> **DIRECTIONS FOR THIS TASK**
Could you copy the records below exactly, keeping none of the images?

[PROVIDED ENTRIES Boundary: Start]

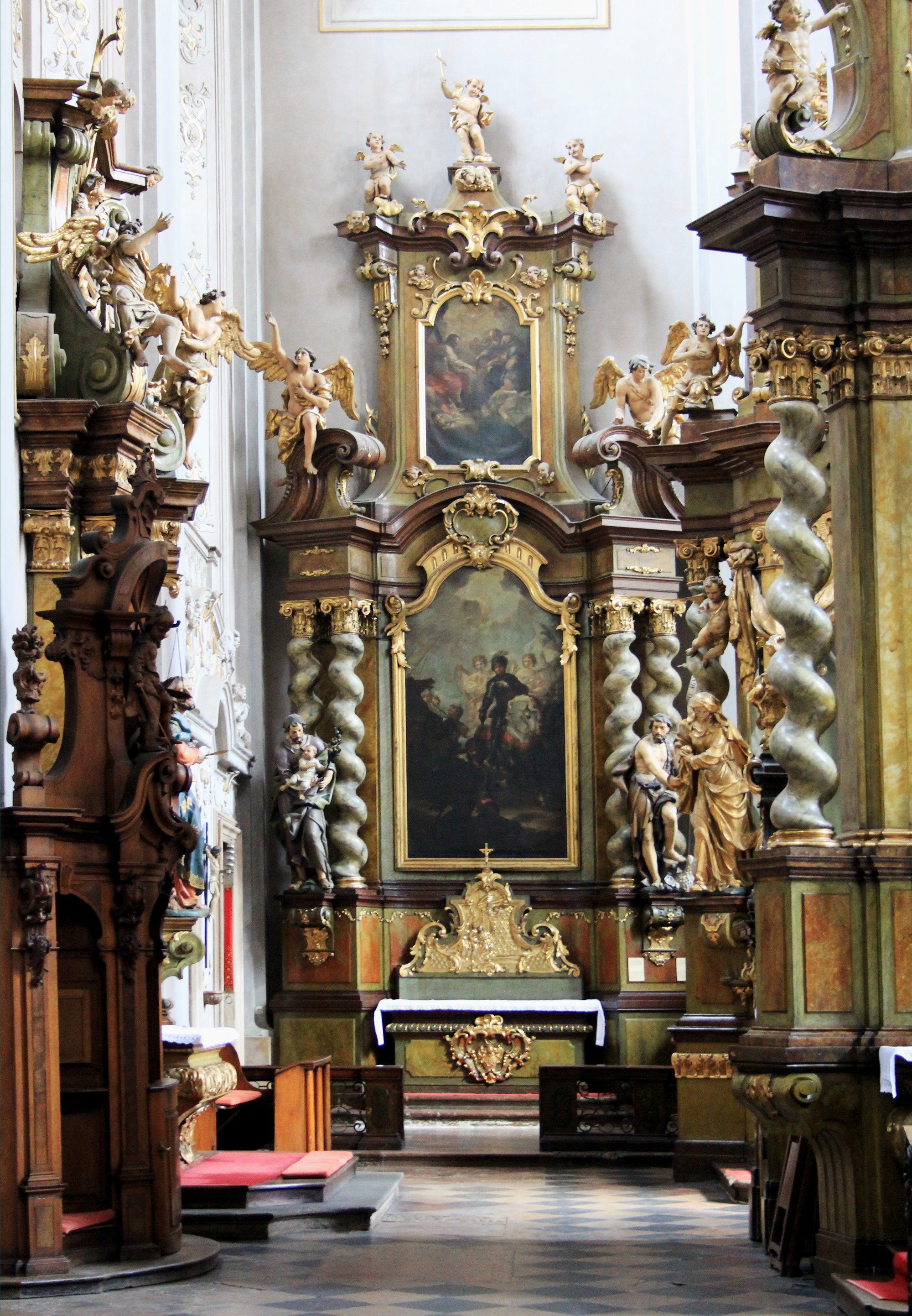 Interior of St Gilles's church in Prague, Czech Republic
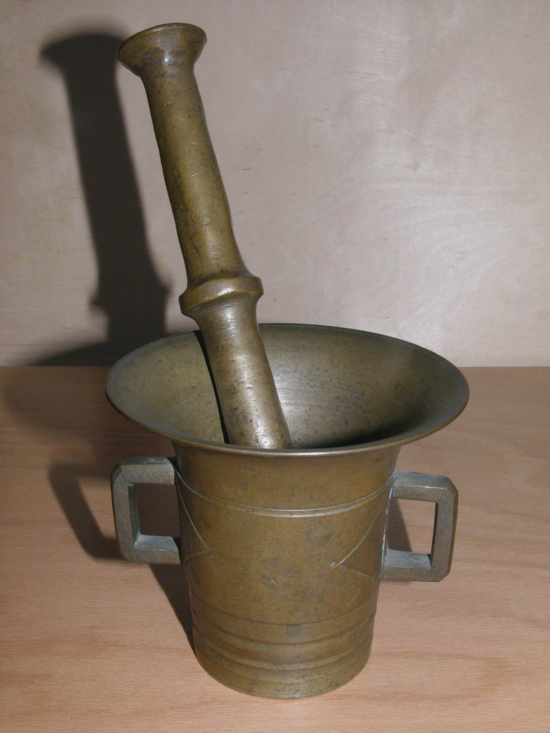 Mortar made out of bronze
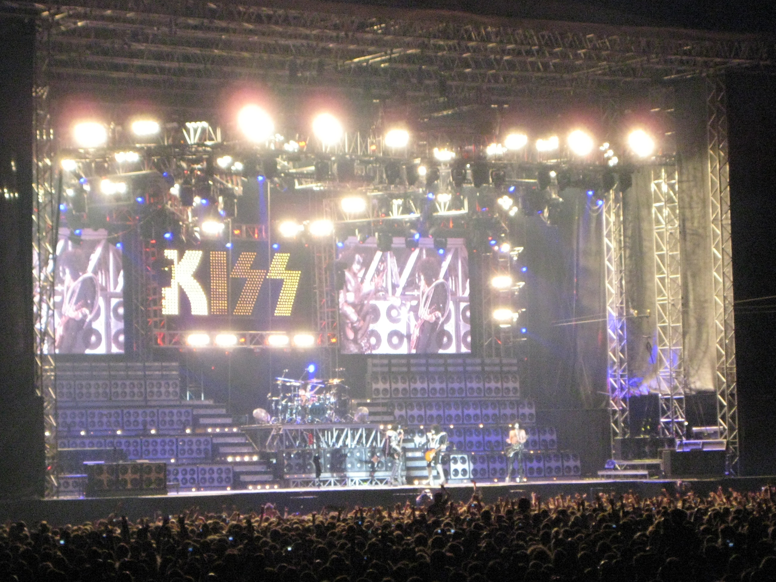 KISS at the Olympic stadium Stockholm Sweden 30 may 2008
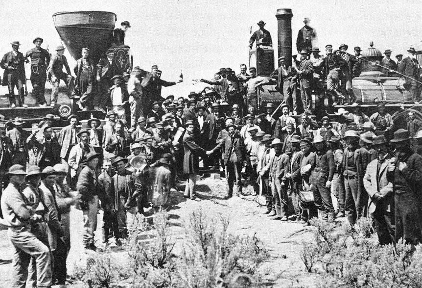 The ceremony for the driving of the golden spike at Promontory Summit, Utah on May 10, 1869; completion of the First Transcontinental Railroad. At center left, Samuel S. Montague, Central Pacific Railroad, shakes hands with Grenville M. Dodge, Union Pacific Railroad (center right). The original glass negative is in the archives of the American Geographical Society of New York (the white streaks radiating from the extreme right of the photograph represent pressure cracks in the wet plate itself).
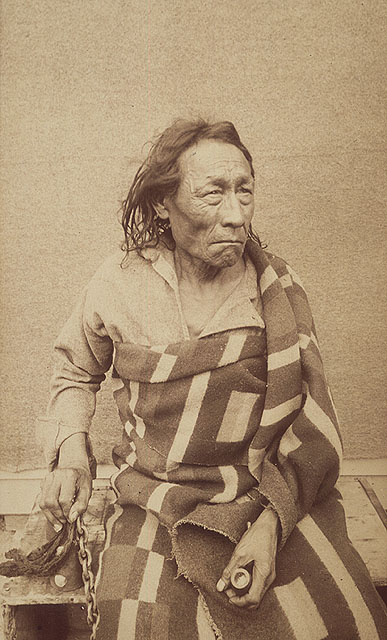 Big Bear/Mistahimaskwa
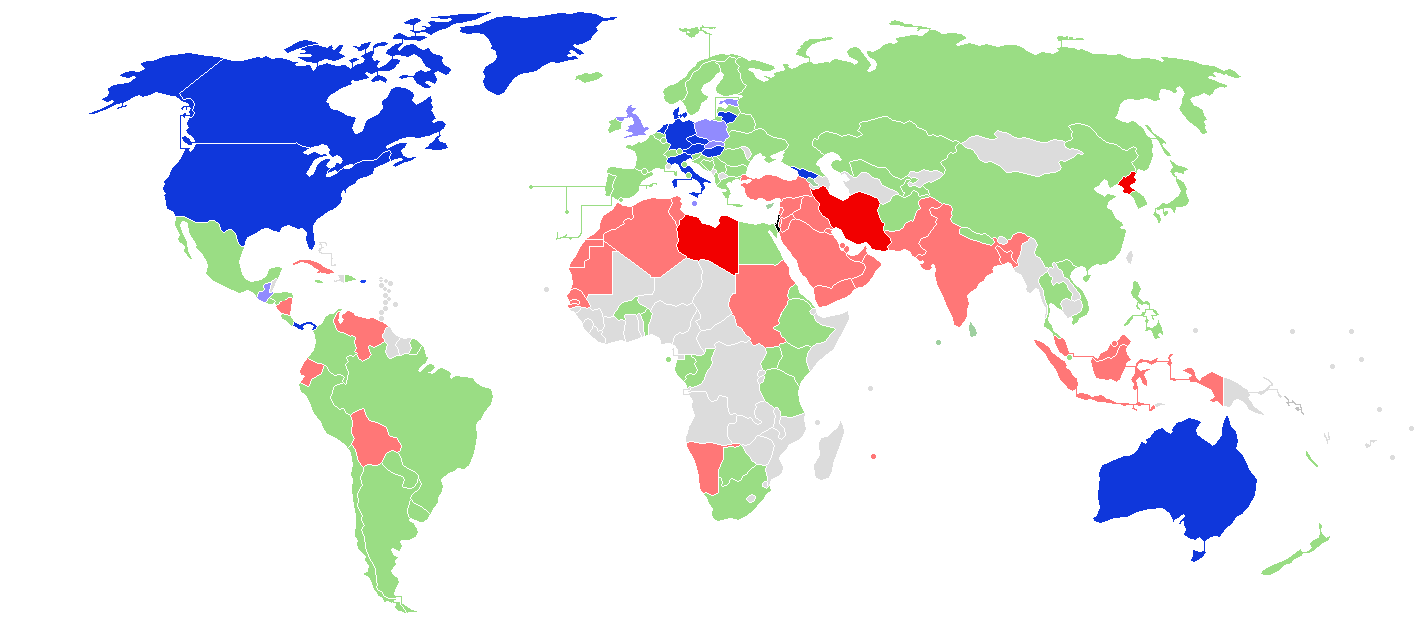 Proclamations from states concerning the 2008–2009 Israel–Gaza conflict.

[PROVIDED ENTRIES Boundary: End]

> **RESPONSE**
 Interior of St Gilles's church in Prague, Czech Republic
 Mortar made out of bronze
 KISS at the Olympic stadium Stockholm Sweden 30 may 2008
 The ceremony for the driving of the golden spike at Promontory Summit, Utah on May 10, 1869; completion of the First Transcontinental Railroad. At center left, Samuel S. Montague, Central Pacific Railroad, shakes hands with Grenville M. Dodge, Union Pacific Railroad (center right). The original glass negative is in the archives of the American Geographical Society of New York (the white streaks radiating from the extreme right of the photograph represent pressure cracks in the wet plate itself).
 Big Bear/Mistahimaskwa
 Proclamations from states concerning the 2008–2009 Israel–Gaza conflict.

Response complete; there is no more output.